Hannah Vogel is a single 32-year-old woman in a Germany where Nazi-ism is becoming rampant. A crime reporter for the Berliner Tageblatt, she considers herself fairly tough and unshakeable. But when, on a regular visit to the police station she sees a photo of her younger brother Ernst in the photos of the unnamed dead, the unidentified bodies discovered over the past week, she is (understandably) upset.
Hannah's friend Fritz Waldheim is the policeman on duty, though, so she tries not to show it. She doesn't want anyone to find out that she and Ernst loaned their identity papers to a Jewish friend so she and her son could leave the country. Once Sarah and Tobias arrive in America, the papers will be returned, but until then, Hannah and Ernst must be virtually invisible.
Hannah succeeds in distracting Fritz before he sees the photograph of Ernst, but she determines that she will discover what happened to her brother and try to avenge his death. She still has to do her job as a crime reporter, but because of it, she knows some investigative tricks.
Ernst was a performer in a gay bar, and had some very important benefactors. Hannah knows little about his life besides where he lived and worked, and that's where she begins.
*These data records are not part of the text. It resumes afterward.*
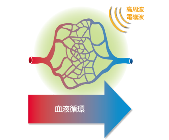マイクロ波発生装置(SHT)は2.45GHz、出力300-700Wで43℃まで体温を上げてガン細胞の周辺の血管を破壊して縮小させ、健常な細胞を活性化します。
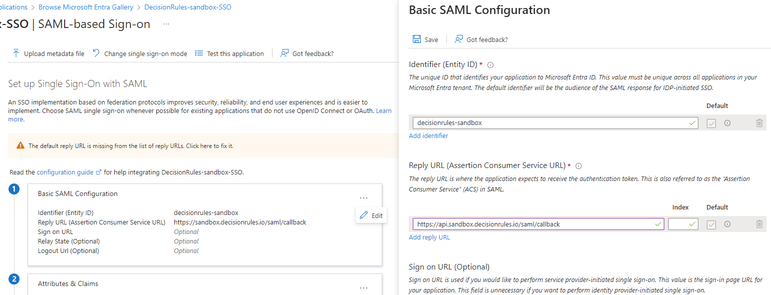 You will be presented with **SAML-based Sign-on** settings. We will mostly focus on the first part of these settings, the Basic SAML Configuration. When first setting the application up you will be required to provide the **Identifier (Entity ID)** and the **Reply URL**.
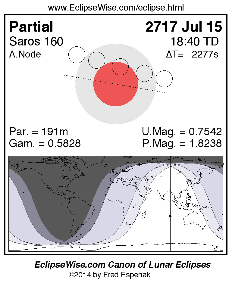 The instant of greatest eclipse takes place on 2717 Jul 15 at 18:39:38 TD (18:01:41 UT1).
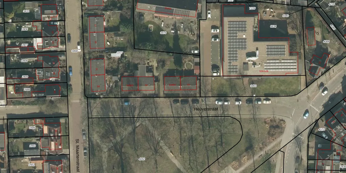 Het perceel waarop Heuvelstraat 54-BIS staat heeft een oppervlakte van 3200 m². Dit is een zeer groot perceel. De perceeloppervlakte wordt geregistreerd door het Kadaster. Gedetailleerde informatie over de maten van dit perceel kunt u vinden in het rapport Kadastrale kaart met maatvoering van Heuvelstraat 54-BIS.
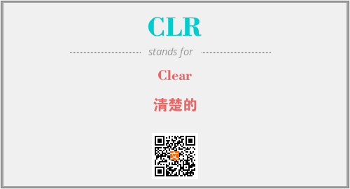 上述内容是“Clear”作为“CLR”的缩写,解释为“清楚的”时的信息,以及英文缩略词CLR所代表的英文单词,其对应的中文拼音、详细解释以及在英文中的流行度和相关分类、应用领域及应用示例等。
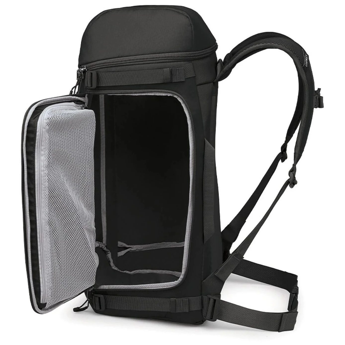 Confecționat din material NanoTough™ extrem de rezistent și impermeabil, vă va proteja echipamentul chiar și în condiții meteorologice dificile. Compartimentul principal căptușit găzduiește în siguranță clăparii și echipamentul de schi, în timp ce compartimentul superior este folosit pentru a depozita casca, ochelarii sau alte accesorii. Tehnologia AirScape™ asigură un transport confortabil și respirabil. Pachetul include, de asemenea, o husă căptușită practică pentru a vă scoate și încălța confortabil pantofii pe teren.
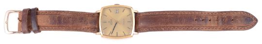 the gold squared dial with gold hour batons, black hands and calendar aperture, stainless steel back, leather bracelet
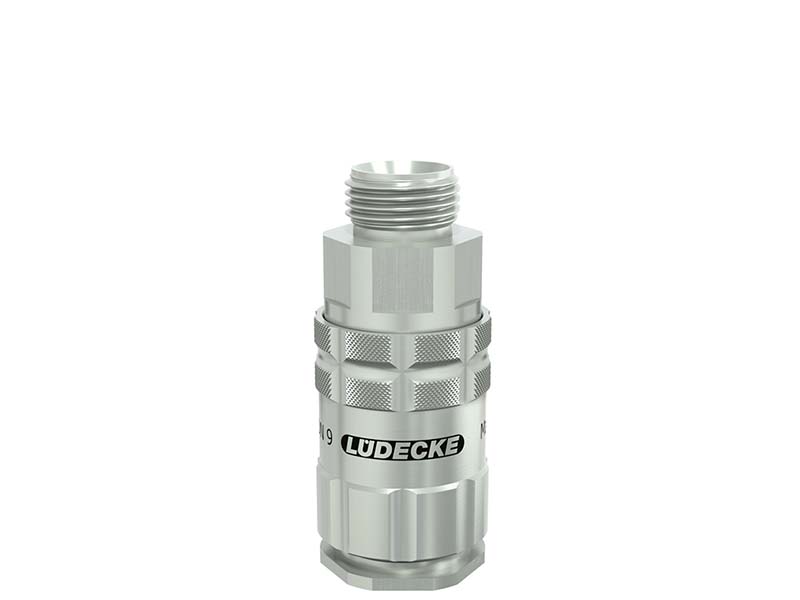 Gniazdo szybkozłączki z gwintem zewnętrznym, wykonane z mosiądzu (MS 58) niklowanego, z elementami ze stali szlachetnej i uszczelnieniem z gumy fluorowej (FKM).

Meanwhile, a 5-year-old boy appears on her doorstep, claiming to be Ernst's son, and Hannah has another puzzle to solve.
I'm not usually a fan of historical fiction, but I was totally taken with this story. This is one of the books which had me torn between gobbling it up and slowly savoring. I guess I managed a happy medium, but it was a gripping read.
Another Hannah Vogel story, A Night of Long Knives, is due out in June, but that seems a very long time to wait.